RECORDED INFORMATION –
Start of Block

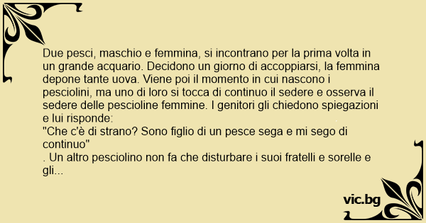 "Che c'è di strano, sono figlio di un реsсе martello e mi piace martellare tutti". Alla fine una pesciolina molto piatta si avvicina al primo pesciolino, figlio del реsсе sеgа, e gli chiede "caro vuoi fare l'amore соn me?"
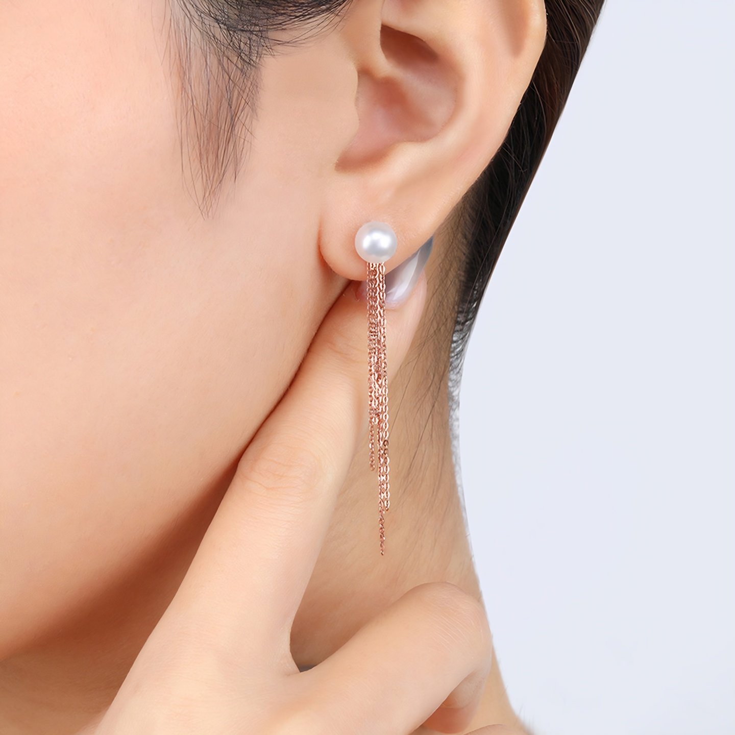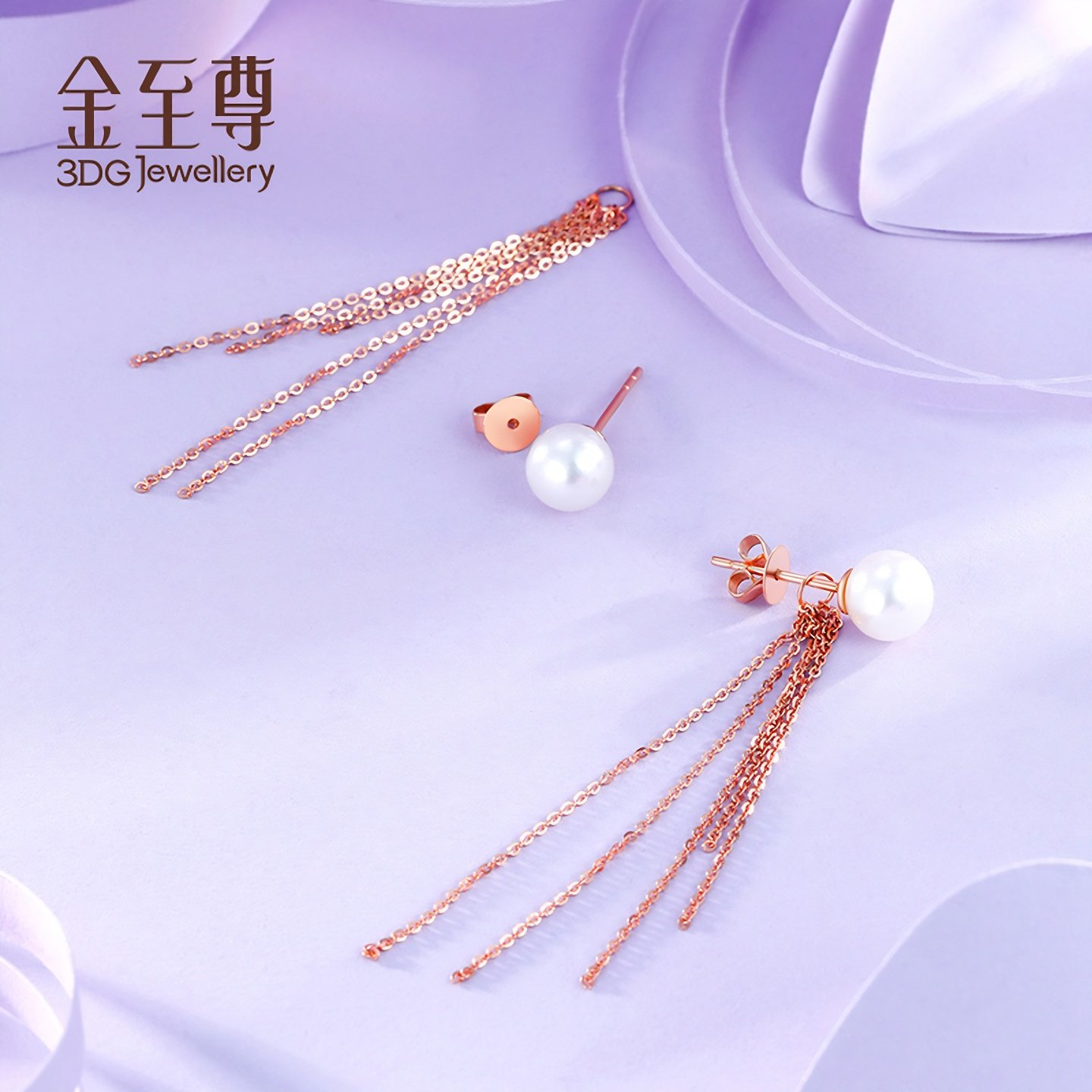 📚 金至尊流苏彩金耳饰18k金耳钉珍珠耳钉配K金耳迫送女友生日礼物
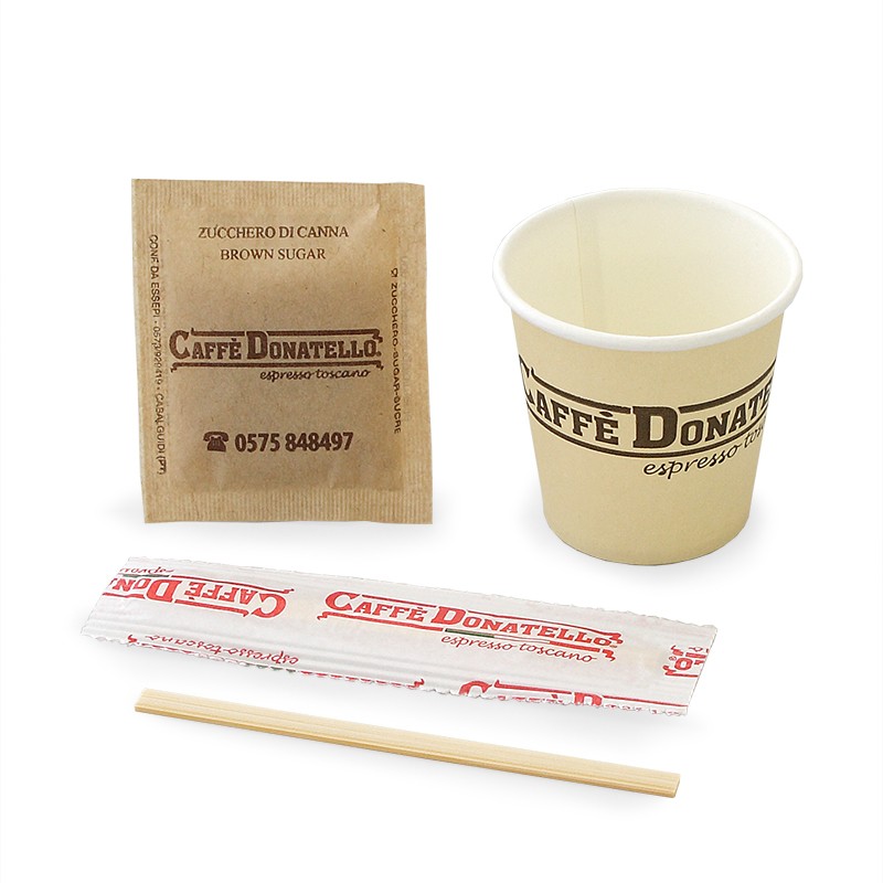 Zucchero di canna, bicchierini e palettine: tutto il necessario per il tuo caffè
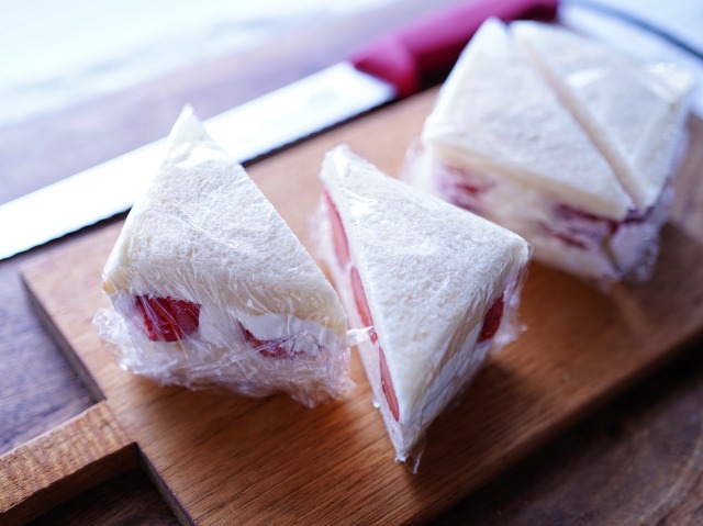 シンプルな材料で作るからこそ、パン生地がものを言います。今回はいちごサンドのためにミルク食パンを焼きましたが、ぜひパン屋さんの食パンを8枚切りにしてもらって使ってみてください。

End of Block

The expected answer consists solely of the lines from the one with "Zucchero di canna, bicchierini" through the last line of the listing above, restated exactly, minus any pictures.

SOLUTION TO THE EXERCISE –
 Zucchero di canna, bicchierini e palettine: tutto il necessario per il tuo caffè
 シンプルな材料で作るからこそ、パン生地がものを言います。今回はいちごサンドのためにミルク食パンを焼きましたが、ぜひパン屋さんの食パンを8枚切りにしてもらって使ってみてください。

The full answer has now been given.